Well, I guess I do it too. (Therefore, it must not be entirely irrational or elitist . . . ). I’ve conceded to myself that Harvard does pronounce and produce something that Bowling Green State University does not, and my closest friends and I went to the Bowling Greens of the world.

Mind you, none of that means I like these facts about the world or myself. In fact, I’ve gone through periods of collecting coffee mugs, T-shirts, and the like from out-of-the-way places with decidedly un-blue blood: Chadron State, Bloomsburg, Minot State, Centre College (spelling noted). I was 20,000 leagues into reverse elitism.

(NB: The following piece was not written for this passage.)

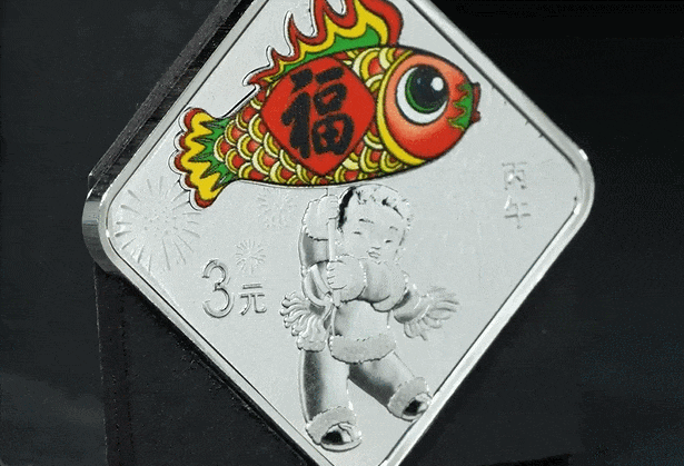 工艺方面主要分为两部分,即主图案“福”字和鱼灯采用彩喷工艺,孩童和烟花等背景元素采用多层次喷砂。具体来看,鱼灯主体使用局部彩喷工艺,以红色、黄色、橙色、绿色等鲜艳色彩精准还原传统喜庆色彩,突出喜庆意象。鱼灯上的“福”字则以黑色浮雕字体呈现,强化祈福寓意。彩喷部分与币面其他区域的哑光质感形成鲜明对比,使鱼灯成为画面中的视觉焦点。

A year or so ago, I was on the Yale campus, and even as an old fart, I was intimidated. What 18-year-old thinks that he or she belongs at such a place? Is entitled to such a place? Will contribute to such a place? Will not foul the air of such a place? Will not leave such a place all puffed about nothing (or something--puffed is puffed)?

Why don’t those freshmen flee to Morehead State? What Yale professor fails to see through the pretense and pedantry and accomplishment of such a place, where the very stones in the buildings pronounce Pretense, Pedantry, Self-Congratulation. And achievement. And life of the mind.

Oh, the donkeys I have known from the Ivies and their ilk.
Oh, the dingbats I have known from Swampside State and Foothills U.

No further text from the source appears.